Resonant tuned, ultrasonic electrostatic emitter
Abstract
An ultrasonic emitter device for converting electrical signals to audio output by acoustic heterodyning of ultrasonic emissions. The device comprises a rigid core member having a top surface which includes an array of cavities of predetermined size and means for enhancement of at least one resonant frequency operable as a carrier frequency within an ultrasonic frequency range. An electrostatic field is generated at the top surface of the core member, and operates with respect to a resilient, dielectric diaphragm disposed in tension along the top surface and across the cavities to allow an intended range of orthogonal displacement of emitting sectors of the diaphragm positioned over the cavities and within a strong portion of the electrostatic field. A conductive medium is applied to one face of the diaphragm and is electrically isolated from the core member.

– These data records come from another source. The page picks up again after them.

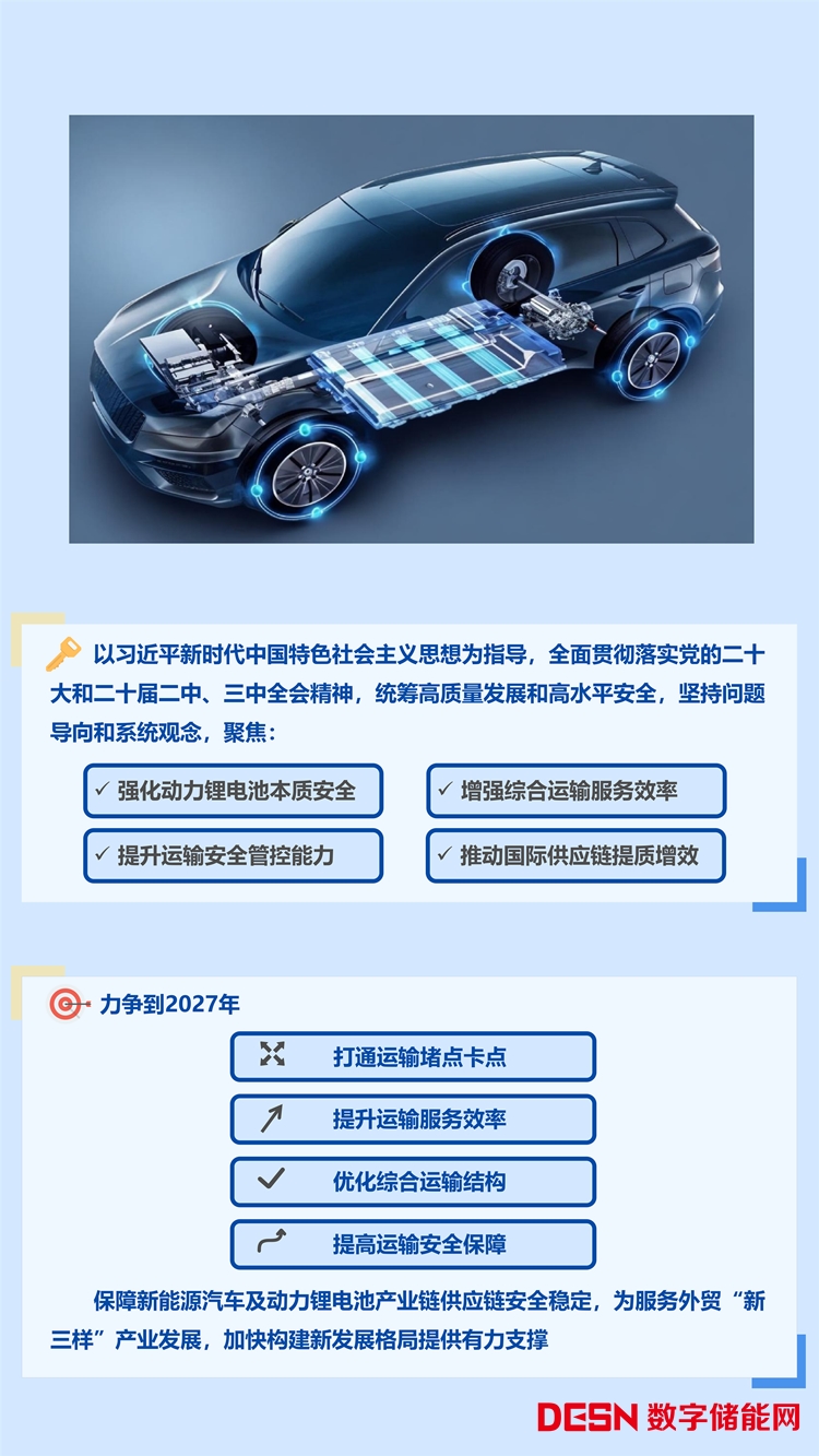 中國儲能網訊:動力鋰電池是支撐新能源汽車產業(yè)高質量發(fā)展的關鍵。為深入貫徹落實黨中央、國務院決策部署,加快提升新能源汽車動力鋰電池運輸服務和安全保障能力,促進新能源汽車動力鋰電池安全、便捷、高效運輸,切實增強新能源汽車和動力鋰電池產業(yè)競爭力,更好服務構建現(xiàn)代化產業(yè)體系,助力發(fā)展新質生產力,9月14日,交通運輸部會同工業(yè)和信息化部、公安部、商務部、應急管理部、市場監(jiān)管總局、國家鐵路局、中國民用航空局、國家消防救援局、中國國家鐵路集團有限公司等9個部門和單位聯(lián)合印發(fā)《關于加快提升新能源汽車動力鋰電池運輸服務和安全保障能力的若干措施》。
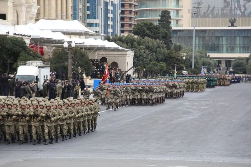 Azerbaycan’ın Ermenistan’a karşı Dağlık Karabağ’da yürüttüğü operasyonun 10 Kasım’da Azerbaycan’ın zaferi ile sonuçlanması Bakü’de kutlandı. Azerbaycan’ın gurur günü, Bakü’de bulunan Azadlık Meydanı’nda Cumhurbaşkanı Recep Tayyip Erdoğan ve Azerbaycan Cumhurbaşkanı İlham Aliyev’in yerini almasının ardından başladı. Erdoğan ve Aliyev, "Selam asker" diyerek askerleri selamladı. Azerbaycan Milli Marşı ve İstiklal Marşı’nın okunduğu törende önce Aliyev ardından da Erdoğan konuşma gerçekleştirdi. Türk Silahlı Kuvvetleri’nden (TSK) Bolu Komando Tugayı’nın da katıldığı törende, savaş uçakları havada duman izi ile Azerbaycan bayrağının renklerini çizdi. Helikopterlerden Türk ve Azerbaycan bayraklarının açıldığı törende Türk İHA ve SİHA’ların yanı sıra Azerbaycan’ın Ermenistan’dan ele geçirilen zırhlı araçlar sergilendi.
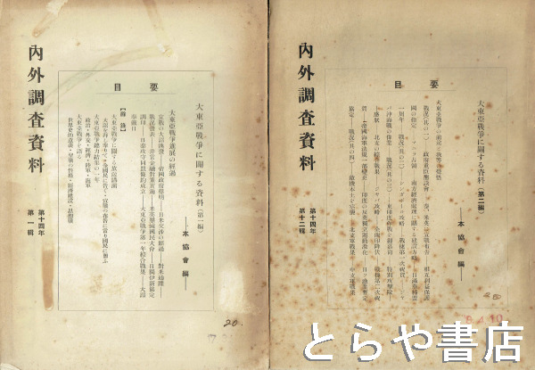 内外調査資料 14年1輯・12輯 大東亜戦争に関する資料1編・2編
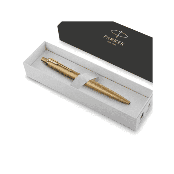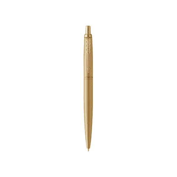 الحالة: الفولاذ المقاوم للصدأ. نظام التعبئة: عبوات باركر القياسية القابلة للاستبدال لأقلام الحبر الجاف وعبوات جل باركر. الآلية : الدفع . اللمسة النهائية: الفولاذ المقاوم للصدأ المصقول، طلاء ذهبي، عناصر تصميم فردية - طلاء PVD بلون العلبة. اللون: ذهبي مطفي.
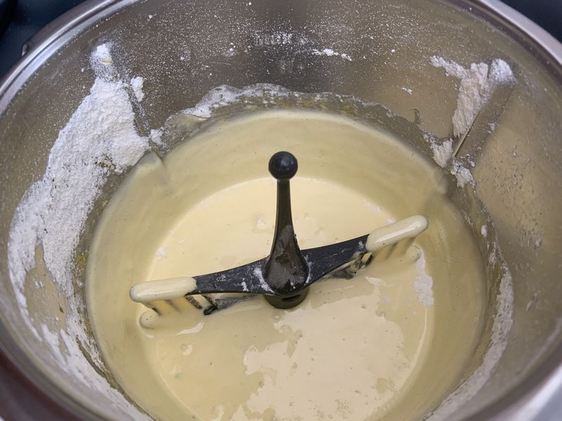 - Insérer le fouet dans le bol puis mettre les œufs et le sucre, fouetter 1 min/vit3, Ajouter la farine et l’extrait de vanille et mélanger 30sec/vit3.
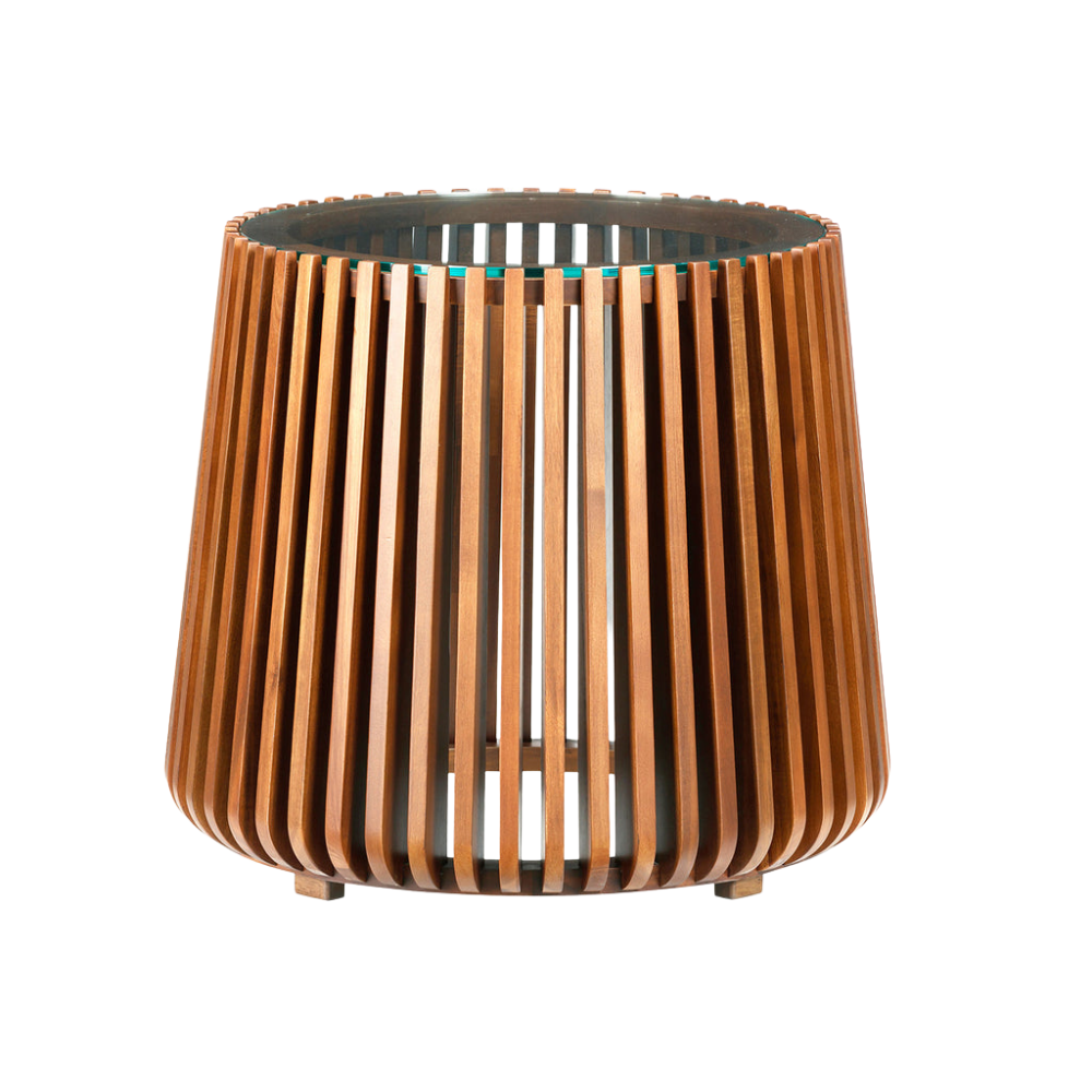 La calidez de la madera de acacia contrasta a la perfección con el diseño de los paneles de madera y la elegante tapa de cristal.

A modulating circuit coupled to the conductive medium develops a variable electrostatic field to be applied to the diaphragm which interacts with the electrostatic field of the core member to develop a series of ultrasonic compression waves emanating from the emitting sectors of the diaphragm within the desired ultrasonic resonant frequency range and which propagate the series of ultrasonic compression waves which are demoduled within a nonlinear air medium to generate audio output.
Claims
exact text as granted — not AI-modifiedWhat is claimed and desired to be secured by U.S. Letters Patent is:
1. An ultrasonic emitter device for converting electrical signals to audio output by acoustic heterodyning of ultrasonic emissions, said device comprising: a rigid core member having a top surface which includes an array of cavities of predetermined size and including means for enhancement of at least one resonant frequency operable as a carrier frequency within an ultrasonic frequency range; means for developing an electrostatic field at the top surface of the core member; a resilient, dielectric diaphragm disposed in tension along the top surface and across the cavities of the core member to allow an intended range of orthogonal displacement of emitting sectors of the diaphragm which are positioned over the cavities of the core member and within a strong portion of the electrostatic field; a conductive medium applied to one face of the diaphragm and being electrically isolated from the core member; and modulating means coupled to the conductive medium for enabling a variable electrostatic field to be applied to the diaphragm which interacts with the electrostatic field of the core member to develop a series of ultrasonic compression waves emanating from the emitting sectors of the diaphragm within a desired ultrasonic resonant frequency range which propagate the series of ultrasonic compression waves which are demoduled within a nonlinear air medium to generate audio output.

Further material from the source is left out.